Skills are managed from the Agent Settings panel. To open it:

  • Run the Open Agent Settings command from the Command Palette, or
  • Click the Agent Settings entry in the activity bar.

In the Agent Settings panel, select the Skills category from the left sidebar. This is the recommended place to browse, add, update, favorite, disable, and remove skills.

Agent Settings panel with the Skills category selected, showing collapsible source sections and a search box

The Skills tab groups every skill the agent can see into collapsible sections:

  • Profile Skills — skills attached to the active agent profile.
  • Packaged Skills — built-in skills shipped with Cortex Code Desktop.
  • GitHub Skills — skills added from a Git repository.
  • Stage Skills — skills fetched from a Snowflake stage.
  • My Skills — project skills (workspace-local) and any user-level skills you’ve registered.

A search box at the top of the Skills tab filters skills by name or description across all sections. Selecting a skill shows its description and exposes actions such as Open SKILL.md, Favorite, Disable, Update, Publish to stage, and Remove.

Tip

Other Agent Settings categories — Plugins, Profiles, MCP, Subagents, Hooks, and Rules — are also managed from the same panel. Plugins you install from the Plugins tab can contribute skills that show up automatically in the Skills tab.

Skill sources

Cortex Code Desktop loads skills from several sources. All of them appear in the Skills tab of the Agent Settings panel and can be invoked the same way from chat.

Built-in (packaged) skills

Built-in skills ship with Cortex Code Desktop and appear in the Packaged Skills section. They cover common Snowflake tasks such as creating a Cortex Agent, optimizing a Cortex Search service, building a Streamlit app, and authoring a new plugin.

You can browse, favorite, and disable packaged skills, but you cannot delete them — they are part of the application bundle. To stop the agent from auto-selecting a packaged skill, disable it (see Managing skills).

Project skills

Project skills live inside a workspace folder you open in Cortex Code Desktop, typically under .snowflake/cortex/skills/. They are committed alongside your code or notebooks, so they travel with the project and apply only when that workspace is open.

Use project skills when you want a workflow scoped to a particular repository, for example:

  • A “deploy this dbt project to Snowflake” runbook.
  • Conventions specific to the codebase (lint commands, test commands, naming standards).
  • A team-onboarding walkthrough that lives next to the code it documents.

Project skills are auto-discovered when the workspace is opened and appear in the My Skills section. No manual registration is required.

Local (user-created) skills

Local skills are stored in any folder on your machine that you register with Cortex Code Desktop.

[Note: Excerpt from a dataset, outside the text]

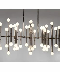 Our modern take on classic bamboo. Our twist on the traditional, iconic world of bamboo adds a bit of socialite glamour to a loft or modernism to a Park Avenue Pad. The Meurice Rectangle Chandelier adds sculptural glow in a narrow hallway or above a dining room table.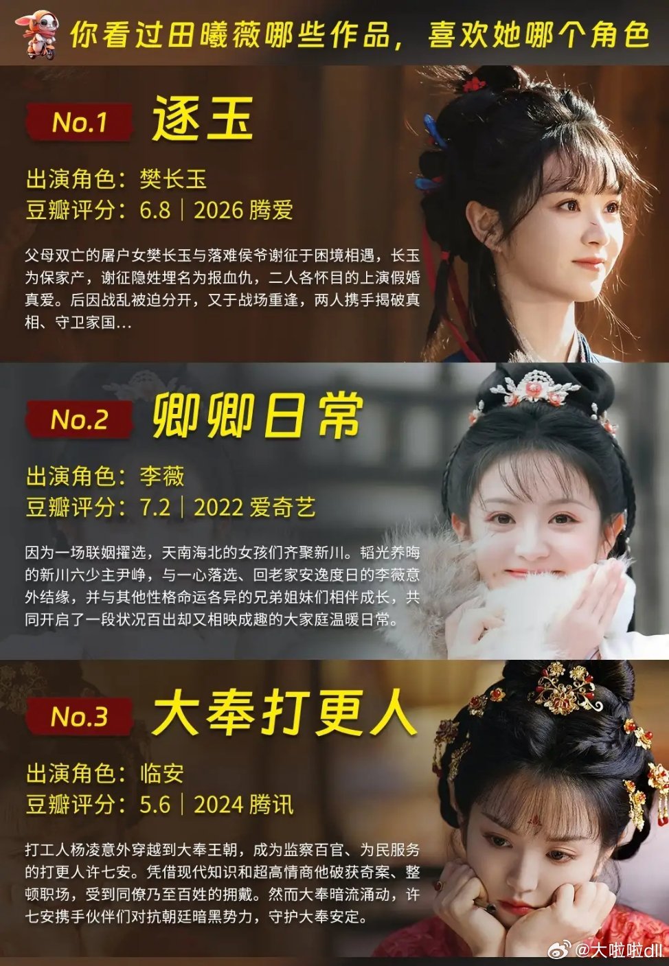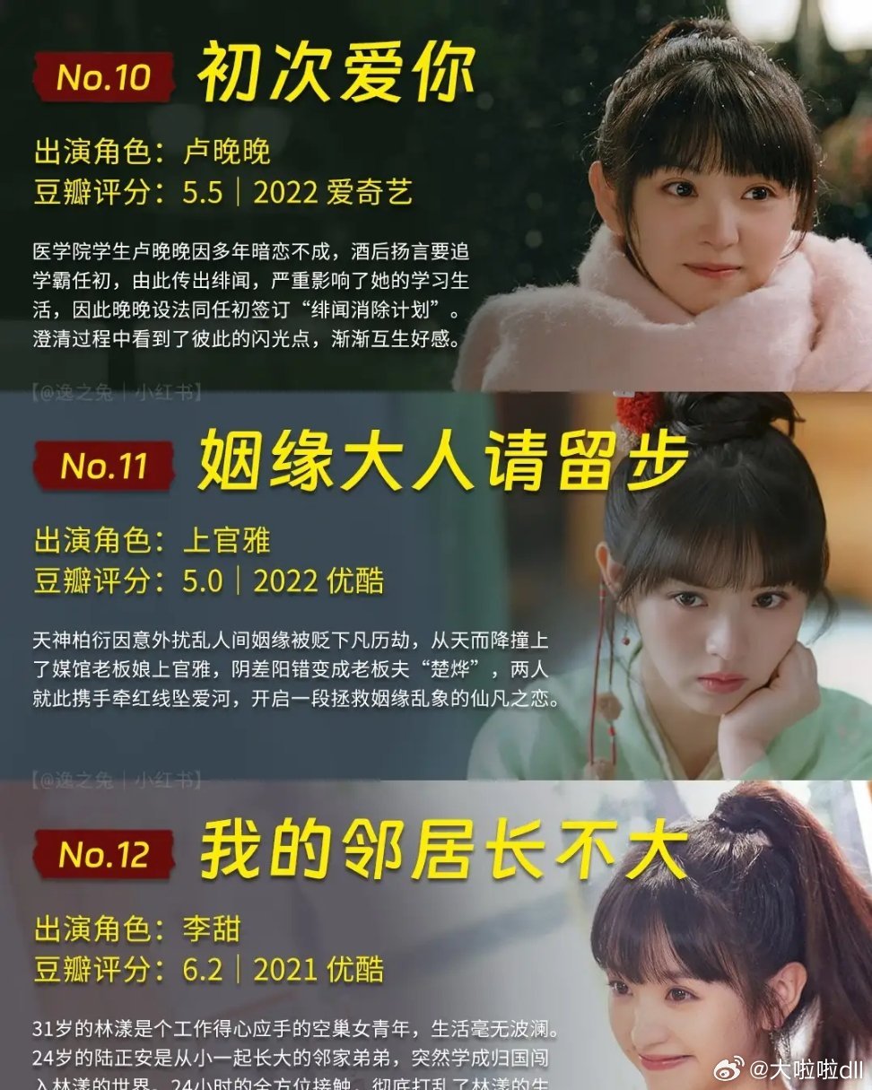 田曦薇最出圈的12部剧,你喜欢哪个角色?非常甜的北极巨兔小田的电视剧合集来啦,田曦薇出道8年,已播电视剧15部,待播2部,在拍1部,总体也算很高产~我根据剧集播出的综合效果,选出了比较好的12部,她的这些剧集角色,你喜欢谁?

Use them when you want a personal skill that follows you across workspaces but isn’t published to a Git host or stage.

To add a local skill folder:

  1. Open the Agent Settings panel and select the Skills category.
  2. In the My Skills section header, click the + button (Add Local Skill).
  3. Pick a directory that contains one or more skills (each skill is a subdirectory with a SKILL.md).

Cortex Code recursively scans the folder for SKILL.md files (up to 10 directories deep) and registers every skill it finds. The folder path is saved to ~/.snowflake/cortex/skills.json.

Plugin-contributed skills

Plugins are bundles that can ship multiple skills, hooks, agents, and MCP servers in one package. When you install a plugin, every skill it contributes appears in the Skills view automatically.

You can install plugins from two sources:

  • GitHub — clone a plugin repository (any Git URL works: GitHub, GitLab, Bitbucket, SSH, self-hosted).
  • Local folder — register a directory that contains a .cortex-plugin/ or .claude-plugin/ manifest.

Plugin-contributed skills are listed alongside other skills, often prefixed with the plugin name (for example, commit-commands:commit). To install or remove a plugin, open the Agent Settings panel and select the Plugins category. Removing a plugin removes every skill it contributed.

GitHub skills

You can add a single skill or a folder of skills directly from a Git repository. Cortex Code clones the repository into a cache directory under ~/.snowflake/cortex/remote_cache/ and discovers every SKILL.md it contains.

To add a GitHub skill:

  1. Open the Agent Settings panel and select the Skills category.
  2. In the GitHub Skills section header, click the + button (Add from GitHub).
  3. Enter a source in any of these supported formats:
    • owner/repo — for example, anthropics/skills
    • owner/repo#branch — pin to a specific branch or tag
    • https://github.com/owner/repo
    • https://github.com/owner/repo/tree/branch/path — restrict discovery to a subfolder
  4. Click Add.

Use the Update action on a GitHub skill (or Update all at the top of the section) to re-download the latest version. If the repository no longer contains a SKILL.md, Cortex Code surfaces an error and leaves your previous version in place.

Note

For private repositories, Cortex Code uses your system Git credentials. If a clone fails with an authentication error, run git clone <url> from your terminal first to confirm credentials are set up.

Snowflake Stage skills

Stage skills let your team share skills through a Snowflake stage instead of a Git repository. This is the recommended way to distribute skills inside your organization when you want governance through Snowflake roles and grants rather than Git permissions.

To add a stage skill:

  1. Make sure you are connected to a Snowflake account with read access to the stage.
  2. Open the Agent Settings panel and select the Skills category.
  3. In the Stage Skills section header, click the + button (Add from Snowflake).
  4. Enter the stage path in the format @DATABASE.SCHEMA.STAGE or @DATABASE.SCHEMA.STAGE/subfolder/.
  5. Click Add.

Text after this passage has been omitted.